Watch Out For . . Feral Chickens?

The sign below was adjacent to the biking path I took to get to the grocery store on Monday, June 20. (There was also a sign that advised those using the path to stay 25 meters away from the cows.)

"Watch out for . . . ."

This was not my first time seeing a "wildrooster" sign, but every time I see one I want to laugh. We saw several in 2008 when a bike trip through portions of the eastern Netherlands took us through a nature reserve area. At that time Google Translate did not exist, so Lon and I wondered if we were being warned about some form of aggressive bird. (After all, we'd had experience with wild turkeys in Minnesota that were very possessive of the bicycle trails in parts of the suburban Twin Cities.) Ah, the danger of the "sounds like" when trying to interpret a foreign language. When we asked Dutch friends Joost and Yolanda about the term, they were highly amused by our interpretation, to say the least. No, there were/are no crazy, rabid chickens inhabiting the Netherlands--only paths and roads with very mundane cattle grates.

We spent a lovely Monday in Nijmegen, a city of just under 200,000 people.  It is said to be the oldest city in the Netherlands, its recognition as a city going back to Roman times. Its position on the large Waal River makes it part of a busy freight transport route. 

The Nijmegen waterfront on the Waal is more utilitarian than
touristy. Most shopping and restaurants are in the center of town

Oldest city it may be, but not a lot of the old Nijmegen still exists. Due to its proximity to the German border, it was the first city in the Netherlands to be captured by the Germans in May 1940. However, it was the events of 1944 and 1945 that caused the most devastation. On February 22, 1944, the city center was heavily damaged when Nijmegen was bombed by American planes whose crews thought they were bombing the German city of Kleve. Several months later, in September 1944, the city was a center of fighting during Operation Market Garden (an Allied military operation intended to establish an invasion route into Germany.) 

Thankfully, the main market square, the Grote Markt, managed to survive the
WWII destruction. The beautiful building to the right is De Waag ("scale"), a Renaissance-era weighing house built in 1612

Sint Stevenskerk was built between the 13th and 15th centuries.
It was heavily damaged during WWII


The Latin School from 1545 stands beside Sint Stevenskerk, and
somehow managed to survive WWII intact

The old town hall (Stadhuis), standing just to the east of the Grote Markt.

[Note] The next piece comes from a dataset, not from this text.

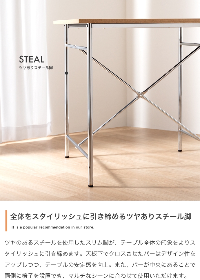 | 【幅75cm】Joel ダイニングテーブル 異素材ミックスの組み合わせが美しいダイニングテーブル『Joel(ジョエル)』。 お部屋に置くだけで、上質で洗練された空間を演出します。 使いやすいサイズ感の天板とお手入れのしやすい加工により、長く快適にご使用可能。 クロスバーによる横揺れ防止でしっかりとした安定感があり、食事だけでなく、ワークスペースや趣味の時間にも大活躍。 圧迫感の少ないデザインのため、一人暮らしの方やワンルームなどにもおすすめです。 ■上質な雰囲気で食卓を囲むダイニングテーブル 単色×木目×スチールの異素材ミックスが美しいダイニングテーブル「Joel(ジョエル)」。 使いやすいサイズ感で、食事だけでなく、ワークスペースや趣味の時間にも大活躍。 天板はメラミン加工、脚部にはクロムメッキ加工を施しており、傷や汚れに強くお手入れも簡単です。 ■単色×木目×スチールが空間を彩り引き立たせる 単色・木目・ツヤのあるスチールが織りなす絶妙なバランスが、美しい空間を演出。 スタイリッシュで調和のとれたデザインは、お部屋に自然に溶け込みながら、心地よい雰囲気を生み出します。 ■インテリアに合わせて選べる2カラー展開 さまざまなテイストのお部屋に馴染む2カラー展開。 上品で明るい印象のホワイトは、ホテルライクや韓国インテリアに。 高級感漂う落ち着いたブラックは、モダンやインダストリアル系のお部屋におすすめのカラーです。 ■コーディネートの幅を広げる木目のテーブルエッジ シャープな印象のある単色天板×スチール脚のデザインに、木目のエッジを追加。 直線的なデザインの中に自然なテイストを馴染ませることで、柔らかさをプラスしお部屋のコーディネートの幅を広げます。 ■全体をスタイリッシュに引き締めるツヤありスチール脚 ツヤのあるスチールを使用したスリム脚が、テーブル全体の印象をよりスタイリッシュに引き締めます。 天板下でクロスさせたバーはデザイン性をアップしつつ、テーブルの安定感は向上。 また、バーが中央にあることで両側に椅子を設置でき、マルチなシーンに合わせて使用いただけます。 ■広々天板でいつもの食卓にピッタリ 天板は幅75cm×奥行75cmとしっかり広く使えるサイズ感。 2人で食卓を囲むことができ、作業をしたりするときにも便利な広さです。 ■シーンを選ばずマルチに活躍 食事でのご使用だけでなく、ティータイムや趣味の時間、ご友人とのリラックスタイムにも大活躍、 生活の中のあらゆるシーンで快適にお使いいただけます。 ■作業用デスクとしても PCや資料を置くのにも十分なスペースを確保できるため、作業用デスクとしてもおすすめ。 広々天板で効率よく作業に取り組んでいただけます。 ■汚れにくく傷に強いお手入れ簡単な天板 天板には、水や傷に強いメラミン貼りを施しました。 汚れが染み込みにくく、ちょっとした衝撃では傷付きにくいため、普段から気兼ねなくお使いいただけます。 また、お手入れもサッと拭くだけで簡単にでき便利です。 ■錆びにくく頑丈なクロムメッキ加工 スチール脚には錆びにくく頑丈になるクロムメッキ加工を施しました。 傷にも強く、汚れてもふき取るだけでお手入れらくらく。 艶やかな光沢が長く続くため、末長くお使いいただくことが可能です。 ※商品の仕様やデザインは、品質に問題がない程度に予告なく変更させていただく場合がございます。 ※商品の仕様やデザインは随時改善をしており、入荷のタイミングによってはデザインが変更されている場合がございます。 ※何度も同じ商品をご注文しているお客様はくれぐれもご注意下さい。 ※部品、生産国、脚部の形状、縫製、カバー類の色や形、サイズなどに少々誤差が発生する場合がございます。 ※複数の倉庫より商品を出荷させていただきますので、商品が同じ日時で届かない場合がございます。予めご了承を宜しくお願い致します。 | |
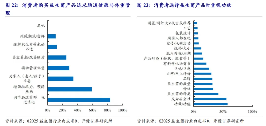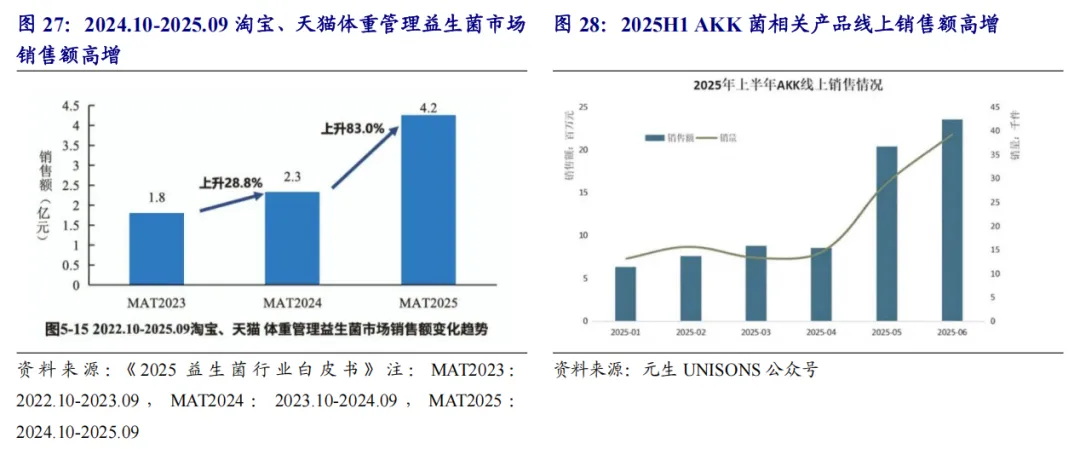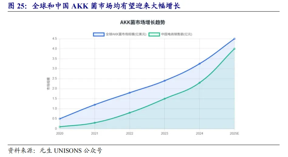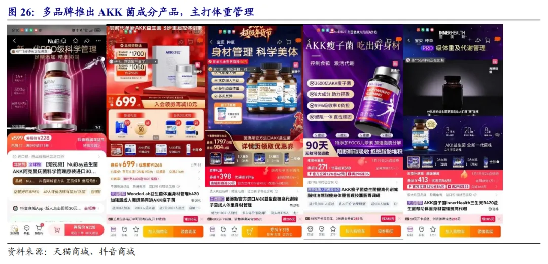 益生菌:AKK菌具备较大发展潜力,关注上游原料端和下游应用端布局企业益生菌产品从传统的消化健康范畴向体重管理、皮肤健康等新兴细分领域扩张。国产菌株原料企业起步较晚,但部分企业通过自主研发已经实现部分新一代菌株的量产。新一代益生菌(NGPs)如拟杆菌属、AKK菌和产丁酸菌等通过现代科技手段进行优化或改良,具有一代没有的功效性,可调节炎症性肠病、代谢、免疫等。AKK菌在肠道健康、代谢调节、免疫功能等方面潜力较大,被誉为 "下一代益生菌之星"。善恩康主打的AKK活性益生菌于2025年2月14日成功通过美国GRAS安全认证审查,可以出口到美国以及认可美国 GRAS 认证的其他国际市场按传统食品和饮料原料销售。下游保健品、膳食补充剂品牌正加速布局AKK益生菌为核心成分的产品,如WonderLab、茵澳斯等。国内若羽臣旗下平价成分党跨境保健品品牌Nuibay 2026年1月7日正式上线AKK菌新品,原价599元,实际售价228元/30粒。受益标的:倍加洁、若羽臣。

Mostly
destroyed in WWII, the front portion was left as a burnt-out shell and was
 heavily restored. The current town hall was built just behind this building

Fragments of Nijmegen history preserved in walls of the 
old Stadhuis

A modern shopping street

Market day in the Grote Markt

The Lange Hezelstraat, a more traditional shopping street

The Sint-Nicolaaskapel, is a chapel on the Valkhof hill (in Valkhof Park) in the center of Nijmegen. The current chapel dates from about 1000, and is said to use remains from a palace chapel that Charlemagne
had previously built on the site. Unfortunately for us, we were in Nijmegen on the one day of the
week that the chapel is closed to visitors

Also in Valkhof Park are the Barbarossa ruins, known as St. Maarten's
 Chapel. It is the only remaining remnant of the Valkhof Palace,
built in 1155 by Emperor Frederik Barbarossa. The building fragment
is thought to be the apse of the Imperial Hall, which also served 
as the court chapel

On our ride out of Nijmegen we stopped briefly at a Commonwealth War Cemetery.

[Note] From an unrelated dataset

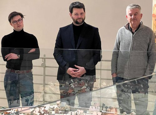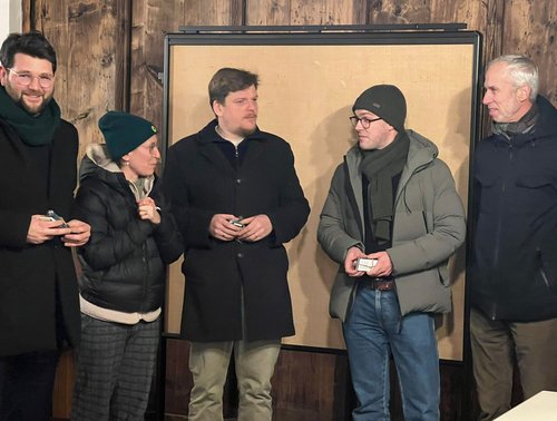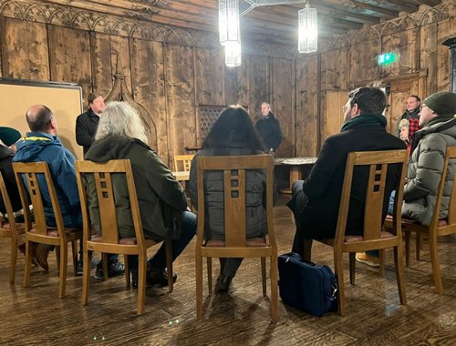 Beginnend im Schongauer Stadtmuseum spannte der Kreisheimatpfleger Dr. Jürgen Erhard, der den Abend als Stadtführer gestaltete, den Bogen von der frühen Geschichte Schongaus bis hin zum heutigen Tag. Politische Veränderungen prägten stets die Stadt und ihre Bürger und so erlebte Schongau zwar so manch schwere Zeit, thront aber bis in die Gegenwart so pittoresk auf dem dem Stadtberg, dass es viele Besucher in seinen Bann zieht. Nachhaltigkeit und Werhaftigkeit, zwei Begrifflichkeiten, die auch jetzt in anderen Zusammenhängen weltweit wieder bedeutend sind, waren stets lokal prägend. Im Serenadenhof, musste allerdings auch an die Ermordung unschuldiger Frauen in den Schongauer Hexenprozessen und an die Verbrechen der Nationalsozialisten erinnert werden. Die barocke Hl.Geist-Spitalkirche, St.Anna dagegen, ist für die Schongauer*innen in den letzten Jahren ein beliebter Ort für Konzerte geworden, dieses Jahr sogar im Rahmen des bayernweiten "out of the box Festivals". Ihren Abschluss fand die eisige Tour in der vertäfelten Ratsstube des Ballenhauses. Der Saal, der wie der Name schon sagt, den Räten als Tagungsort diente, zeigt noch die orginal Holzverkleidung in seinem Inneren. Die Ornamentik erzählt die reiche Geschichte der Stadt Schongau als bedeutender Punkt auf der Handelsroute zwischen Augsburg und Norditalien.

The Jonkerbos War Cemetery contains the remains of over 1600
British and Commonwealth servicemen who lost their lives during
the WWII operations in 1944 and 1945

On Tuesday, June 21, we continued our journey down the Maas. It was a pleasant, uneventful cruise, and we stopped for the evening on a floating pontoon ("dock" in America-speak) just after we exited the lock at Lith. We "celebrated" the Summer Solstice by noting that the sun didn't set until about 10 p.m., twilight lingered until at least 11, and it started getting light again before 5 a.m. the next morning.

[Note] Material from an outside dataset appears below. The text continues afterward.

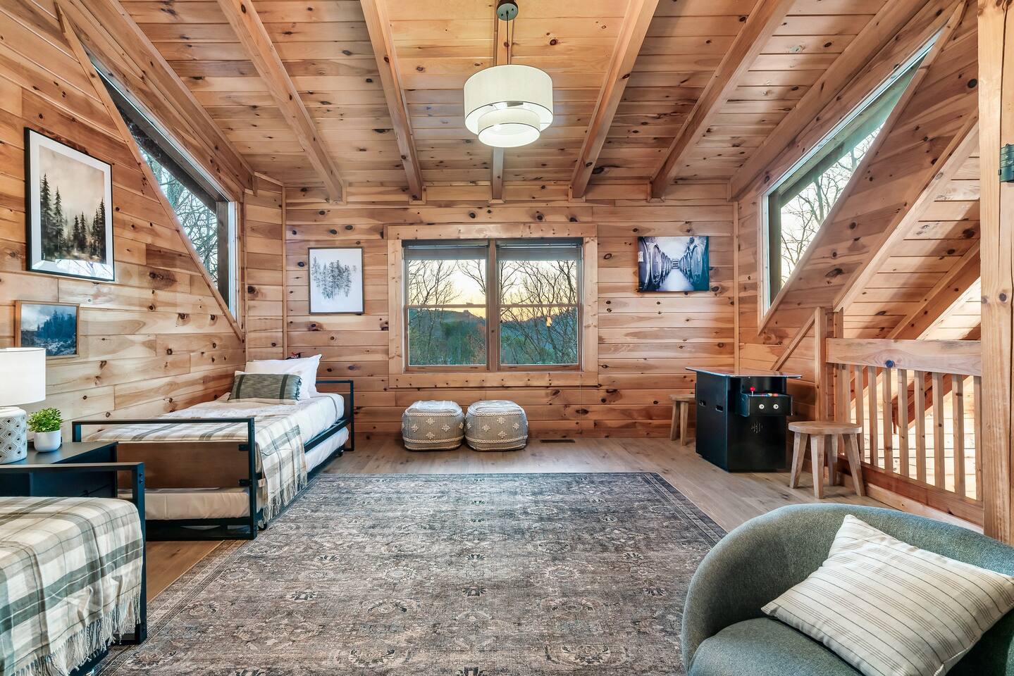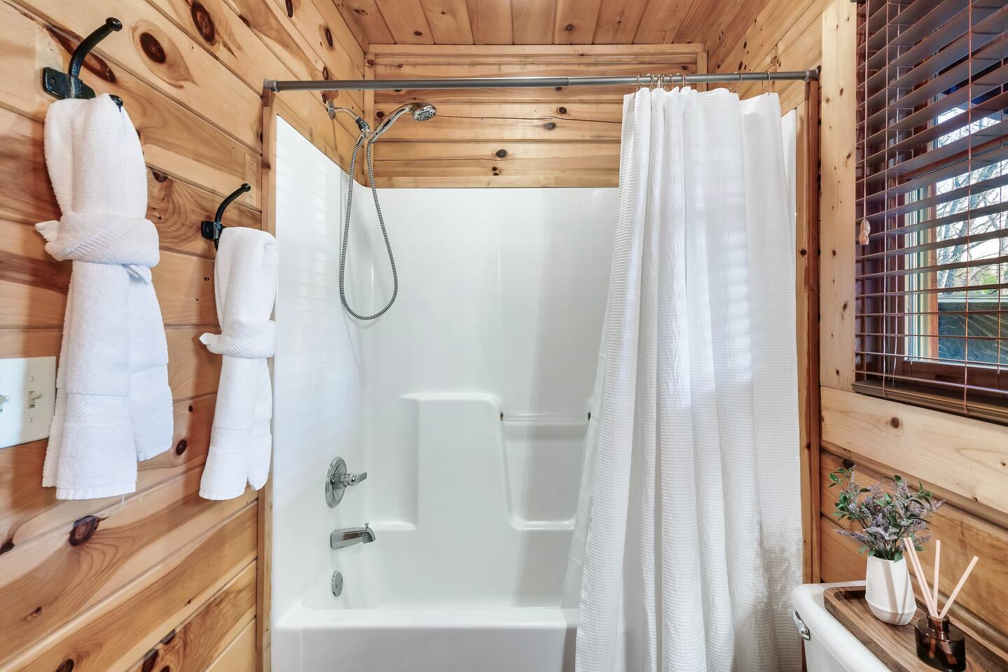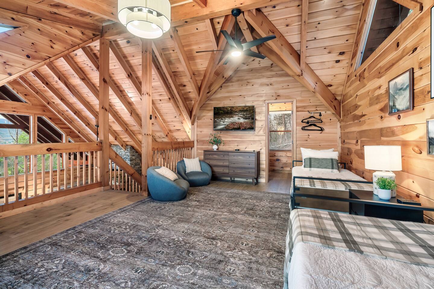 FREE access to community pool and catch & release fishing pond. The pool is open from Memorial day until Labor day. The fishing pond is open year round. Free access for our guests! Note: The driveway is very steep, has potholes and may be a little intimidating the first time you drive up it. ★LIVING ROOM ★ Gas fireplace 65’’ Big screen ROKU TV w/ access to all of your favorite streaming channels like Netflix, Hulu, Amazon Prime, Disney+, Max, and others for you to use with your own accounts Queen sofa sleeper with memory foam mattress (So Comfortable and sleeps 2) BlueAir air purifier. It's set to auto so it runs continuously and it's so quiet, you won't even notice it's in the room! Board games, playing cards and checkers Amazing Mountain and Valley Views ★ DECK ★ 4-person hot tub Seating tables with chairs or barstools. Tall Adirondack Chairs (Great for viewing the mountains, valley and wildlife) Mountain and valley views ★ KITCHEN & DINING ★ Fully equipped w/ Keurig single pod and Mr Coffee drip coffee makers, french press, cooking utensils, pots and pans, dishes, mugs, glasses, SS wine/hot beverage cups, silverware, toaster, slow cooker, Ninja blender, and tea kettle. Enjoy fresh drinking water from the Reverse Osmosis water filtration system, (Located to the left of the Kitchen faucet). A starter package of toilet paper, paper towels, trash bags, hand soap, shampoo, conditioner, dishwasher and laundry pods are provided. You may need to buy more for longer stays. 6-person dining table and counter seating for 4. Laundry closet w/ stackable washer and dryer. ★ BEDROOM SUITE 1 ★ King bed (Sleeps 2 Adults). Private bathroom with tub/shower. Reading nook. BlueAir air purifier. It's set to auto so it runs continuously and it's so quiet, you won't even notice it's in the room! 55’’ ROKU TV (same system and access as Living Room TV, (Provide your own passwords). ★ Loft / BEDROOM 2 ★ 2 - Twin Trundle Beds (Sleeps 4 Adults). Private bathroom with stand up shower. 2-person 60+ game arcade game table. 55’’ ROKU TV (same system and access as Living Room TV, (Provide your own passwords). ★ BATHROOMS ★ Both bathrooms feature a stand up shower or tub/shower combo, vanity, and toilet. Each bathroom is connected to a bedroom or the loft. The following are also included. Hairdryer, Vanity mirror, Make-up removal cloths, Bath towels and wash cloths. ★Guest access★ Access to the entire cabin except for crawl space storage. Check yourself in with a smart lock with your own unique code. Door code will be sent to you 24 hours before check in. The maximum number of people staying at the cabin is 8 total including adults and children. ★ GETTING TO THE CABIN ★ The roads are paved the entire route except the last 100’ of the driveway, it’s gravel for approximately 100’. The driveway is very steep, has potholes and is a little intimidating the first time you drive up it. While some may be a little nervous on their first time up the driveway, most people get used to it and agree that the view is well worth the climb! The main road to get to the cabin like most roads in the Smokey Mountains will be winding and narrow in places (still room for two cars to pass each other). We're at the top of the mountain road from where you get to enjoy the beautiful view. On average, it may take 10 minutes to get to the nearest supermarket/grocery store, so plan accordingly. 4-wheel drive/AWD is not necessary but highly recommended in icy or inclement weather conditions. ★ PARKING ★ 4 vehicle maximum. We do not advise bringing a trailer behind your vehicle due to the narrow winding mountain roads and lack of space to park a long trailer/vehicle combo at the cabin. Other things to note: ★ CHECK-IN/OUT TIMES ★ * Check-in: 4 pm on day of arrival * Check-out: 11 am of day of departure * Quiet time: 10 pm-8 am ★ KNOW BEFORE YOU BOOK ★ All guests must be at least 25 years old to book (children with parents are welcomed) 8-person maximum occupancy No parties or events. We are dog friendly for well behaved and house trained furry family members. The pet fee is $100 for up to 2 dogs. Additional dogs need approval. You will be charged $100 for each unregistered pet that is brought into the cabin. Do not leave your pets unattended at any time! No smoking or vaping of any kind inside the cabin (no exceptions) If there is evidence of smoking, you will be charged a minimum of $500 for additional cleaning and remediation fees. No refunds for weather/natural disasters/power outages/acts of god/other things that are beyond our control. A starter package of toilet paper, paper towels, trash bags, dishwasher and laundry pods are provided as well as a few K-cups and ground coffee to get you started. You may need to buy more for longer stays. ★ OTHER INFO ★ The fireplace is shut down April 1 to October 1 as with every cabin in the area. This is a gas only fireplace. Do not attempt to put wood or any other material in the fireplace. You are in the Smokey Mountains and may see and hear critters, bears, bugs, spiders, etc. Squirrels and other critters can and will get on the roof of the cabin from time to time. The cabin roof is metal so you will likely hear anything that gets up there including rain drops. Bears are dangerous. If you see a bear, stay inside! Do not feed bears or any other wild animals. Do not store food or food wrappers inside your vehicle. Bears can and will break in to vehicles to get food. If you’re lucky enough to see a bear near the cabin, please don’t ask us for a refund! You’ve already been made aware of the possibility. In fact, if you do see a bear near the cabin, we might have to charge you extra for the awesome experience! Please review our cancellation policy. We do not offer refunds for inclement weather, power/internet outages or any issues that are outside of our control. Our cabin cleaners are exceptional. We receive detailed photos before each gues
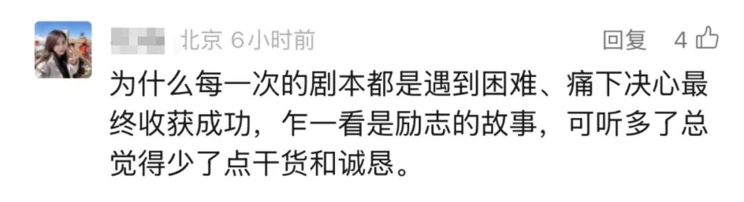 有人认为,老事情讲过好几次了,励志故事听多了总觉得少了点干货和诚恳。

In Lith we had a front-row seat for the comings and goings from the lock. Most of the recreational 
boats we see are cruisers, or other small boats, and we are large compared to them. But next to
a container barge we are itty-bitty 

Yesterday we turned off the Maas onto the Maxima Canal on our way to 's-Hertogenbosch, familiarly known as Den Bosch. We're on a quay quite near to the city center and plan to be here for 3 nights.